The adjustment in each weight of global learning affects all outputs of the network. For example backpropagation network.
A weight adjustment in local learning affects one or only a few outputs.
The training examples are available when global learning are used.
Real time application are useful in local learning.
Supervised learning claims the learning process to be absorbed: training examples are supplied.
Supervised learning (competitive, self-organising) – neurons participate to act in response to input patterns. No precise direction is known from the external environment.
Perceptron introduced in the late 1950’s by Minsky and Papert and the Perceptron term coined by frank Rosenblatt and attempted to understand human memory learning and cognitive processes. With some additional, fixed, pre-processing the Perceptron becomes to be an MCP model which contains neuron with weighted inputs. Component labelled A1, A2, Aj, Ap are known as association components. The function of these components is to extract specific, localised featured from the input images. Perceptrons imitate the essential proposal behind the mammalian visual system. Even though their skilled extended a lot more these were essentially used in pattern recognition. In 1969 Minsky and Papert published a book which contains the description of limitation of single Perceptrons. The book explained precisely that single layer perceptrons could not do pattern recognition operations like whether shape is connected or not. In 1980’s they realised that providing suitable training to multilevel perceptrons, it can do these operations
Model of a Perceptron:
A o—— |W T |
A o—— |W +———+ +——————-+
. | . | ___ |_________| __ Squarewave |_______ Output
. | . | | S | __| Generator | /
. | . | /__ | +——————-+
A[n] o—— |W[n] | Sum |
S = T + Sum( W[i]*A[i] ) as i goes from 1 -> n
Output = 1 if S > 0; else -1
Where A[n] are the perceptron’s inputs
W[n] is weights which are applied to related input
T is the Threshold
The square wave generator just twists the output into positive or negative number. Whenever we give perceptron, Depending on the input’s weights and a threshold we will get positive or negative output.
Perceptron are two types
Single layer network
Single layer network:
A single layer perceptron network composed of one or more artificial neurons in parallel. Each neuron in this provides one network output, and is usually linked to all of the external inputs.
A multilayer perceptron is a feedforward artificial neural network model that represents sets of input data onto a set of appropriate output. We know that simple perceptrons are restricted in their characterizational capabilities. Consider simple layer cannot represent XOR function.
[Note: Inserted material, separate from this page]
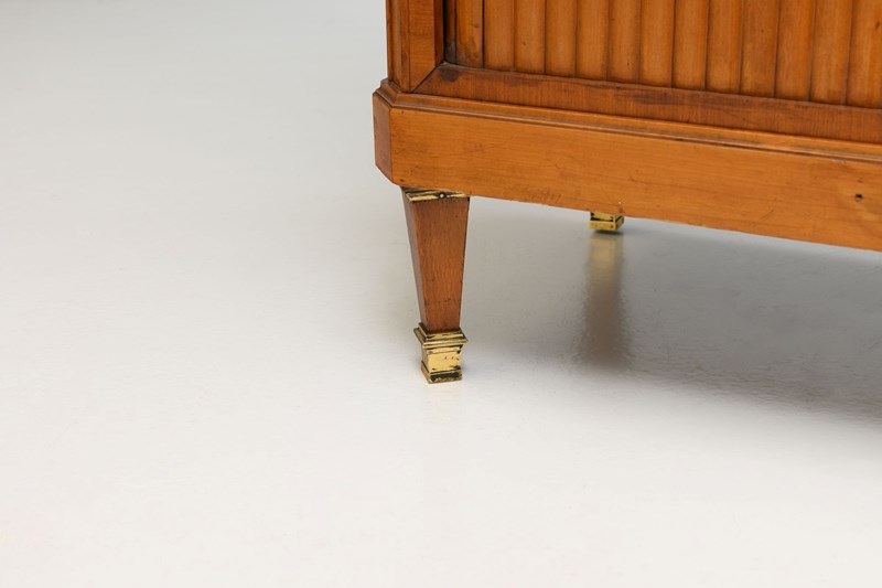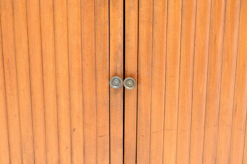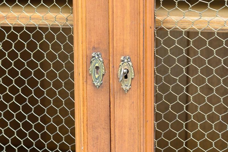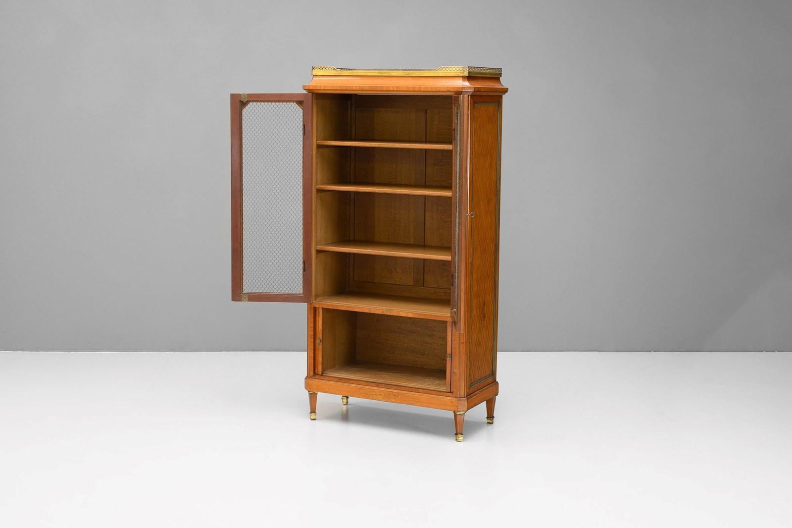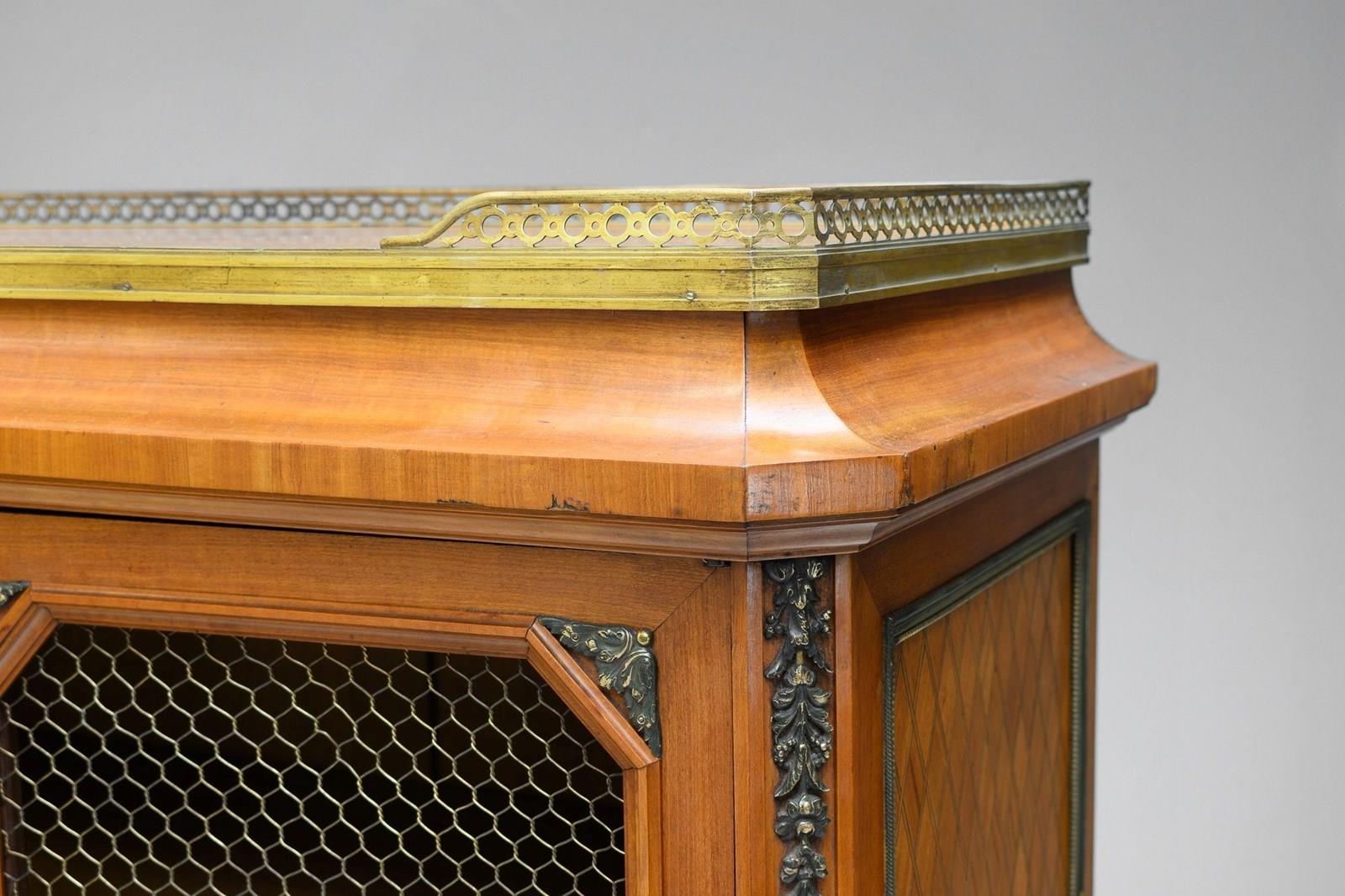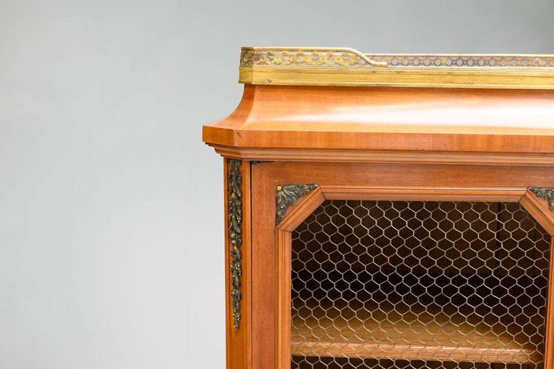 Two door satinwood cabinet with brass mesh and galleried top. France circa 1930.

Anyway, it is simple that XOR can be denoted by a multilayer perceptron by writing in terms of basic functions AND, OR, and NOT.
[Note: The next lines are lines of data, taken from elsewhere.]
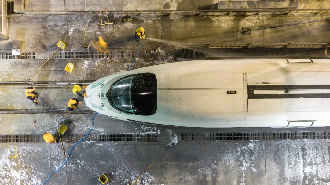 04时22分,安徽,工人师傅们在南京动车段合肥南动车运用所洗车。张大岗 摄
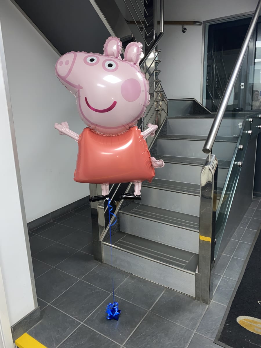 Helium filled Peppa Pig balloon on a small weighted cluster of latex air filled balloons to give it that luxury look. Can be changed to other characters.
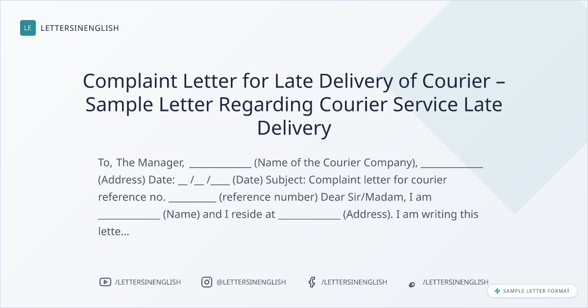 Complaint Letter for Late Delivery of Courier – Sample Letter Regarding Courier Service Late Delivery
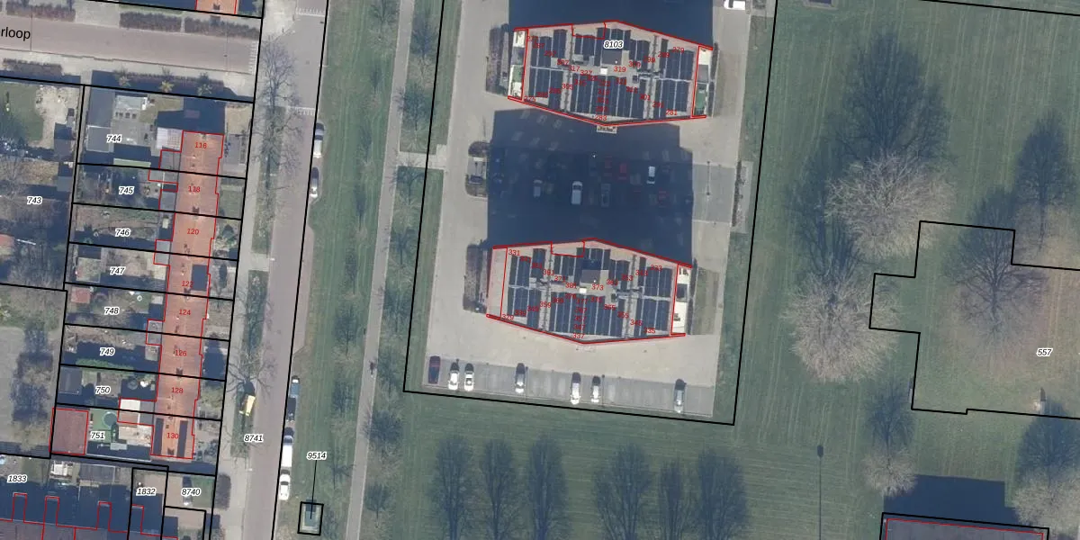 Het adres is gelegen op perceel 8103 in de sectie A en de kadastrale gemeente Dronten. De kadastrale aanduiding is aldus DTN01-A-8103. De gemiddelde perceelgrootte in Dronten is 1,8 ha. Dit perceel is kleiner: de perceeloppervlakte bedraagt 1,4 ha. De grootste perceeloppervlakte in de kadastrale gemeente is 25,03 km². De kleinste oppervlakte bedraagt 0 m². Op het perceel zijn 93 adressen aanwezig. De huidige grenzen van het perceel zijn digitaal in de Basisregistratie Kadaster (BRK) geregistreerd op 03-03-2017.
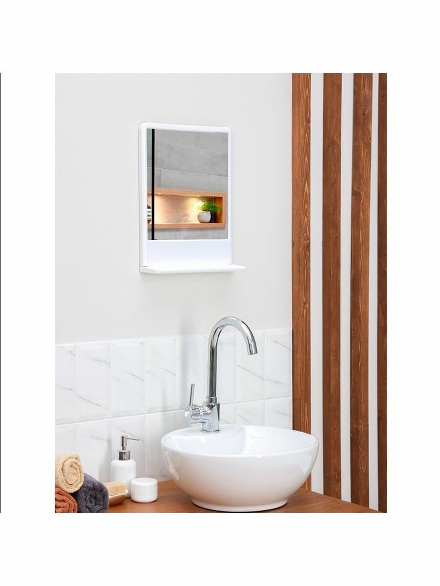 Зеркало настенное для ванной комнаты Berossi с полкой белое 29х37см пластиковое Крепеж в комплекте

Characteristics of Neural Networks:
Each unit performs a relatively simple job: receive input from neighbours or external sources and use this to compute an output signal which is propagated to other units. Apart from this processing, a second task is the adjustment of the weights. The system is inherently parallel in the sense that many units can carry out their computations at the same time. Within neural systems it is useful to distinguish three types of units: input units (indicated by an index i) which receive data from outside the neural network, output units (indicated by an index o) which send data out of the neural network, and hidden units (indicated by an index h) whose input and output signals remain within the neural network. During operation, units can be updated either synchronously or asynchronously. With synchronous updating, all units update their activation simultaneously; with asynchronous updating, each unit has a (usually fixed) probability of updating its activation at a time t, and usually only one unit will be able to do this at a time. In some cases the latter model has some advantages.